The next step would be to convert your .pb model to a "fully quantized .tflite model" using the post training quantization technique. The documentation to do that are given here. I also created a github gist, containing an example of Post Training Quantization here. Once you have produced the .tflite model, you'll need to compile the model via the edgetpu_compiler. Although everything you need to know about the edgetpu compiler is in that link, for your purpose, compiling a model is as simple as:
$ edgetpu_compiler your_model_name.tflite
Which will creates a your_model_name_edgetpu.tflite model that is compatible with the EdgeTPU. Now, if at this stage, instead of creating an edgetpu compatible model, you are getting some type of errors, then that means your model did not meets the requirements that are posted in the models-requirements section.
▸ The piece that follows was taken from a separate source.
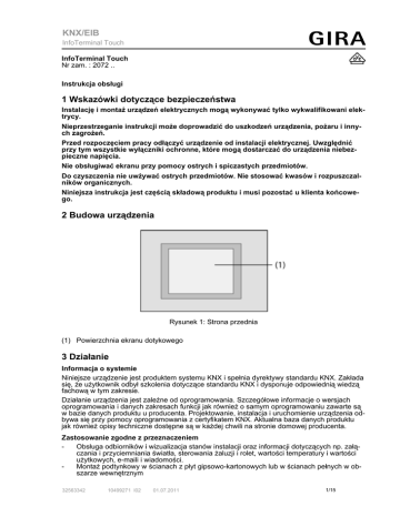 KNX/EIB InfoTerminal Touch InfoTerminal Touch Nr zam. : 2072 .. Instrukcja obsługi 1 Wskazówki dotyczące bezpieczeństwa Instalację i montaż urządzeń elektrycznych mogą wykonywać tylko wykwalifikowani elektrycy. Nieprzestrzeganie instrukcji może doprowadzić do uszkodzeń urządzenia, pożaru i innych zagrożeń. Przed rozpoczęciem pracy odłączyć urządzenie od instalacji elektrycznej. Uwzględnić przy tym wszystkie wyłączniki ochronne, które mogą dostarczać do urządzenia niebezpieczne napięcia. Nie obsługiwać ekranu przy pomocy ostrych i spiczastych przedmiotów. Do czyszczenia nie uwżywać ostrych przedmiotów. Nie stosować kwasów i rozpuszczalników organicznych. Niniejsza instrukcja jest częścią składową produktu i musi pozostać u klienta końcowego. 2 Budowa urządzenia Rysunek 1: Strona przednia (1) Powierzchnia ekranu dotykowego 3 Działanie Informacja o systemie Niniejsze urządzenie jest produktem systemu KNX i spełnia dyrektywy standardu KNX. Zakłada się, że użytkownik odbył szkolenia dotyczące standardu KNX i dysponuje odpowiednią wiedzą fachową w tym zakresie. Działanie urządzenia jest zależne od oprogramowania. Szczegółowe informacje o wersjach oprogramowania i danych zakresach funkcji jak również o samym oprogramowaniu zawarte są w bazie danych produktu u producenta. Projektowanie, instalacja i uruchomienie urządzenia odbywa się przy pomocy oprogramowania z certyfikatem KNX. Aktualna baza danych produktu jak również opisy techniczne dostępne są w każdej chwili na stronie domowej producenta. Zastosowanie zgodne z przeznaczeniem Obsługa odbiorników i wizualizacja stanów instalacji oraz informacji dotyczących np. załączania i przyciemniania światła, sterowania żaluzji i rolet, wartości temperatury i wartości użytkowych, e-maili i wiadomości. Montaż podtynkowy w ścianach z płyt gipsowo-kartonowych lub w ścianach pełnych w obszarze wewnętrznym 32563342 10499271 I02 01.07.2011 1/15 KNX/EIB InfoTerminal Touch Właściwości produktu Podświetlany programowalny kolorowy ekran graficzny TFT, 320x240 punktów, 4096 kolorów Ekran dotykowy, obsługa poprzez dotyk palcami na powierzchni monitora. Możliwy montaż poziomy lub pionowy Złącze USB to szybkiego programowania przy pomocy PC Maks. 1600 funkcji obsługowych, 400 funkcji wskaźnikowych Maks. 50 stron Maks. 24 sceny świetlne z 32 elementami wykonawczymi Tygodniowy zegar sterujący z 16 programami czasowymi każdorazowo w 8 czasach przełączenia (opcjonalnie funkcja Astro i funkcja losowa. Maks. 50 komunikatów usterek, usterka zbiorcza Instalacja sygnalizacyjna z dwoma obszarami aktywacji ochrony Funkcja blokady - umożliwia czyszczenie wyświetlacza Obszary chronione hasłem Maks. 80 bramek logicznych, 12 multiplekserów Rysowanie i prezentacja wydarzeń, wartości użytkowych odbiorników, przebiegów itp. Dodatkowe funkcje przy podłączeniu do sieci IP/Ethernet: Zarządzanie 1 do 5 skrzynek poczty e-mail i wyświetlanie tekstów poczty. Wskazanie i zarządzanie maks. 8 kanałami RSS Obsługa zdalna przy pomocy oprogramowania PC 4 Obsługa Elementy ekranu monitora Funkcjonalność jak również pojawiające się wskazania na powierzchni ekranu monitora zależne są od programowania i z tego względu są zróżnicowane dla każdej instalacji. Elementy możliwe na stronie ekranu podają informacje o statusie, przedstawiają wartości lub informacje, lub zaprogramowane są dla celów obsługowych. Rysunek 2: Elementy ekranu (2) (3) (4) (5) (6) Linijka statusu Strona ekranu Element obsługowy lub wskaźnikowy Pasek przewijania Przyciski funkcyjne 32563342 10499271 I02 01.07.2011 2/15 KNX/EIB InfoTerminal Touch Powierzchnia wrażliwa na dotyk Ekran monitora posiada powierzchnię wrażliwą na dotyk, nazywaną ekranem dotykowym. Obsługa urządzenia następuje poprzez dotykanie palcami powierzchni ekranu lub poprzez specjalne o ołówki do obsługi ekranów dotykowych (nie zawarte w dostawie). i Nie obsługiwać ekranu przy pomocy ostrych i spiczastych przedmiotów. Linijka statusu Jeżeli linia statusu (2) jest zaprogramowana, to będzie ona widoczna na górnym brzegu ekranu monitora. Linia statusu może wskazywać do dziesięciu elementów: Wskazanie wydarzeń Usterka ogólna Wskazanie wartości Data, godzina i teksty ASCII Strona ekranu Na stronach ekranu (3) wyświetlane są elementy obsługowe i wskaźnikowe (4) lub rysunki. Elementy wskaźnikowe (4) wskazują stany komponentów instalacji. Elementy obsługowe służą do nawigacji lub symbolizują sterowane urządzenia, komponenty i funkcje. Na każdej stronie ekranu (3) mogą być także umieszczane obrazy tła. Pasek przewijania Przy pomocy paska przewijania (5) można przesuwać zawartość jednej lub wielu stron. Poprzez użycie przycisków strzałek można przechodzić do innych elementów wskaźnikowych. Przyciski z podwójnymi strzałkami: widoczne tylko wtedy, jeżeli istnieją powiązane z nimi strony. Po użyciu wskazywana jest powiązana strona. Przyciski strzałek: przechodzenie do innych elementów wskaźnikowych aktualnej strony. Przyciski funkcyjne Dla każdego elementu obsługowego (4) dostępne są maks. 4 przyciski funkcyjne (6), które po wyborze elementu obsługowego mogą być wskazywane i obsługiwane. Wybór funkcji/odbiornika Aby obsługiwać urządzenie należy je najpierw wybrać. o Wybrać stronę zawierającą żądany element obsługowy lub wskaźnikowy. o Wybrać palcem żądany element. Ekran monitora zmienia wskazanie - lub Wskazywane są odpowiednie przyciski funkcyjne. Funkcja może być obsługiwana. Wybór funkcji lub odbiornika Obsługa zależy od rodzaju funkcji. Wybrana funkcja musi być odpowiednia funkcja i wskazane muszą zostać przyciski funkcyjne. o Przełączenie: na krótko nacisnąć odpowiedni przycisk funkcyjny. o Regulacja oświetlenia: przez dłuższy czas użyć odpowiedniego przycisku funkcyjnego. o Opuszczanie żaluzji: przez dłuższy czas u

Once you have produced a compiled model, you can then deploy it on an edgetpu device. Currently are 2 main APIs that can be use to run inference with the model:
EdgeTPU API
python api
C++ api
tflite API
C++ api
python api
Ultimately, there are many demo examples to run inference on the model here.
The previous answer works with general classification models, but not with TF object detection API trained models.
You cannot do post-training quantization with TF Lite converter on TF object detection API models.
In order to run object detection models on EdgeTPU-s:
You must train the models in quantized aware training mode with this addition in model config:
graph_rewriter {
quantization {
delay: 48000
weight_bits: 8
activation_bits: 8
}
}
This might not work with all the models provided in the model-zoo, try a quantized model first.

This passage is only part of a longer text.